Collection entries

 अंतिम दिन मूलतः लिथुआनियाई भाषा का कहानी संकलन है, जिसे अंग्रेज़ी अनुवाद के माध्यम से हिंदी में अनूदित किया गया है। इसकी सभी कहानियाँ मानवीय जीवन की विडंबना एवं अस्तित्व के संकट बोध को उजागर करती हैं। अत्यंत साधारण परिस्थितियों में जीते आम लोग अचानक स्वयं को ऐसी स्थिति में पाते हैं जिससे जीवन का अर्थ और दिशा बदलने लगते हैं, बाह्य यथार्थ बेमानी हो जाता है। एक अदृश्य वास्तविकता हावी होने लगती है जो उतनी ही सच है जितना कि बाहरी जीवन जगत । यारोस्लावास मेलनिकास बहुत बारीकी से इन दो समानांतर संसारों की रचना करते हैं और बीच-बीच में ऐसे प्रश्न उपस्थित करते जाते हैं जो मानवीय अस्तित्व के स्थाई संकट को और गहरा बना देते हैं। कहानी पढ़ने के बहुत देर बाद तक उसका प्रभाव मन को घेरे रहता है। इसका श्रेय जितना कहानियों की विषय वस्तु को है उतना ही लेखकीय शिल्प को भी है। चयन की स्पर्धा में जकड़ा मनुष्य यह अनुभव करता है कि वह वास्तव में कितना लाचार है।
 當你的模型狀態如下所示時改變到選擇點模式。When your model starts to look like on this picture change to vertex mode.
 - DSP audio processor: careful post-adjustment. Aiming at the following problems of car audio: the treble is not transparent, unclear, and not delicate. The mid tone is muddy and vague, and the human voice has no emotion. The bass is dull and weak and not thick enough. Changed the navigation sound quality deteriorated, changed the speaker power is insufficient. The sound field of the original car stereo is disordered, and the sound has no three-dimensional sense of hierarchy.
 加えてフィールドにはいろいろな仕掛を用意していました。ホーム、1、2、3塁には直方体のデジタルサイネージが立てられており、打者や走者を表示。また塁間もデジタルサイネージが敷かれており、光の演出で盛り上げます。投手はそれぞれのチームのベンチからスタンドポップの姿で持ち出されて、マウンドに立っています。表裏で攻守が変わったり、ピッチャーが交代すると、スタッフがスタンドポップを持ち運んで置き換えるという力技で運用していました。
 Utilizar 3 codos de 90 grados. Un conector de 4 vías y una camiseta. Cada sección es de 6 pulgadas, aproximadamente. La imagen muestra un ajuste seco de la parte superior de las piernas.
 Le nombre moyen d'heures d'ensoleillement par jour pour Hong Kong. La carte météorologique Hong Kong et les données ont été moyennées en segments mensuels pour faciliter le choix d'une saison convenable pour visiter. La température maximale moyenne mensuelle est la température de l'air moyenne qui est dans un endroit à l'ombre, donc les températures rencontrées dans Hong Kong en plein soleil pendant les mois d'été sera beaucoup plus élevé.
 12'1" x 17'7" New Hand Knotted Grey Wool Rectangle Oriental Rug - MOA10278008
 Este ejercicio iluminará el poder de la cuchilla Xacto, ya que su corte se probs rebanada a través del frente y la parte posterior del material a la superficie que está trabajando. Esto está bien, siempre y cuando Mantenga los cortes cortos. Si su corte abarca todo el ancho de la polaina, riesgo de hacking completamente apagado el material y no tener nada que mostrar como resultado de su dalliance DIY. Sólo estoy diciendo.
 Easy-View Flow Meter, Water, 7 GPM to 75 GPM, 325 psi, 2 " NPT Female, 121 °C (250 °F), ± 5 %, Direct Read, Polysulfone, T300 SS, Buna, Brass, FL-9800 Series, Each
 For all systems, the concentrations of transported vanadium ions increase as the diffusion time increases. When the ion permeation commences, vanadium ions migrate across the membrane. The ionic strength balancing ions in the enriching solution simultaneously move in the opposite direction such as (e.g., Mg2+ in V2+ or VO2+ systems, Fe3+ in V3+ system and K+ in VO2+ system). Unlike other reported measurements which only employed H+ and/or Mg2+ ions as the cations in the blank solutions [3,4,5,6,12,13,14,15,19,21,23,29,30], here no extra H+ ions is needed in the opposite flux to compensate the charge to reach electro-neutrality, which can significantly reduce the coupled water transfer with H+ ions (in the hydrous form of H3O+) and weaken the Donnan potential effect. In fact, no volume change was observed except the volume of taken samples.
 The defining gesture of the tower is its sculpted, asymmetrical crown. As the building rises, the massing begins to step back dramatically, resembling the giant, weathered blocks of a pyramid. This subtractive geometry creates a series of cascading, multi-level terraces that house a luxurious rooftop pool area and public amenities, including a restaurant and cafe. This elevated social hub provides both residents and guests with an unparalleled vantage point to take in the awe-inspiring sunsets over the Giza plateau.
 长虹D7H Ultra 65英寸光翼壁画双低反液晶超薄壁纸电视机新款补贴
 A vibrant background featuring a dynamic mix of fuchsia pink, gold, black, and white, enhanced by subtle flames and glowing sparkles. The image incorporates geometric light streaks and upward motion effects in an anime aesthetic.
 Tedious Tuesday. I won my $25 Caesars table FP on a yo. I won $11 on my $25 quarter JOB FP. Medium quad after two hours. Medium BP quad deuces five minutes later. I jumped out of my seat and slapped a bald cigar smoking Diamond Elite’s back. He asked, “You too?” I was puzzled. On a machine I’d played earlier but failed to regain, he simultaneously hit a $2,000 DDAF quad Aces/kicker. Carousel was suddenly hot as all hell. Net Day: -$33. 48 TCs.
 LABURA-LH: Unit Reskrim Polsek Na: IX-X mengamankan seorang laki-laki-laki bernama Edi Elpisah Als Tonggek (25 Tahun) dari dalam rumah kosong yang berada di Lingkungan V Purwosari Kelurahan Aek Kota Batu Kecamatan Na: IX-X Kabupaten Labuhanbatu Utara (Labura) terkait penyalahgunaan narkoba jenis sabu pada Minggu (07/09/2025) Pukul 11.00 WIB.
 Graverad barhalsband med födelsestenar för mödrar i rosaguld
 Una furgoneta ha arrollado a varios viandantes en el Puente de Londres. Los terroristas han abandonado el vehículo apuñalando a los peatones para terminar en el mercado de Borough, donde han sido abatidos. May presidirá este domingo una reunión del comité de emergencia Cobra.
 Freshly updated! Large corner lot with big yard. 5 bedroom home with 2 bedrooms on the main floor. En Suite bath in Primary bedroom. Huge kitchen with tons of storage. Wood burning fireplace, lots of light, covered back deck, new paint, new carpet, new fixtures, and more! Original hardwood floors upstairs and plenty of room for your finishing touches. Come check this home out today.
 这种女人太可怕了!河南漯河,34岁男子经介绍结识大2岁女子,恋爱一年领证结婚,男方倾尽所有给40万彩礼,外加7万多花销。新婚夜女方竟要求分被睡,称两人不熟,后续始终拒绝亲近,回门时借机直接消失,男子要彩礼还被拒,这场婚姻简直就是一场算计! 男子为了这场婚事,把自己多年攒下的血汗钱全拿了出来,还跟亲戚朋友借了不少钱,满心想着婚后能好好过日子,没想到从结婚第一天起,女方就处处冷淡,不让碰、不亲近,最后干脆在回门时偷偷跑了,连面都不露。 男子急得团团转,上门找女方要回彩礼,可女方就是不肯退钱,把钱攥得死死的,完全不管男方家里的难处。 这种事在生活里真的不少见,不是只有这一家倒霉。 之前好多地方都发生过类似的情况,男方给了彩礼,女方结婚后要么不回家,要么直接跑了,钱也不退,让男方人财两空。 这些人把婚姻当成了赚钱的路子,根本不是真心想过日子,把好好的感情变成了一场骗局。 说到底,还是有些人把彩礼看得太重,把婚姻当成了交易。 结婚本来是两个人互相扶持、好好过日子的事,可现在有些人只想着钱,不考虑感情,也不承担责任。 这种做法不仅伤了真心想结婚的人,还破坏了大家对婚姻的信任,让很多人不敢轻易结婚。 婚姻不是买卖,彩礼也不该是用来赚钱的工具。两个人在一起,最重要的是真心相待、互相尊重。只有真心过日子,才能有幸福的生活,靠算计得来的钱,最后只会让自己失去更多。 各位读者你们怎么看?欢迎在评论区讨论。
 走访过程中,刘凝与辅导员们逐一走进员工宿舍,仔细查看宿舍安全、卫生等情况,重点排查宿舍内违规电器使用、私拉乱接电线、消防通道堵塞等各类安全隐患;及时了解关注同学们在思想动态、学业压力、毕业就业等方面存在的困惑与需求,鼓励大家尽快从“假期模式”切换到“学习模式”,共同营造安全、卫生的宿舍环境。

**Task objective:**
Scan the data above and report each line in which "your" is present.

**Solution for this task:**
 當你的模型狀態如下所示時改變到選擇點模式。When your model starts to look like on this picture change to vertex mode.
 Freshly updated! Large corner lot with big yard. 5 bedroom home with 2 bedrooms on the main floor. En Suite bath in Primary bedroom. Huge kitchen with tons of storage. Wood burning fireplace, lots of light, covered back deck, new paint, new carpet, new fixtures, and more! Original hardwood floors upstairs and plenty of room for your finishing touches. Come check this home out today.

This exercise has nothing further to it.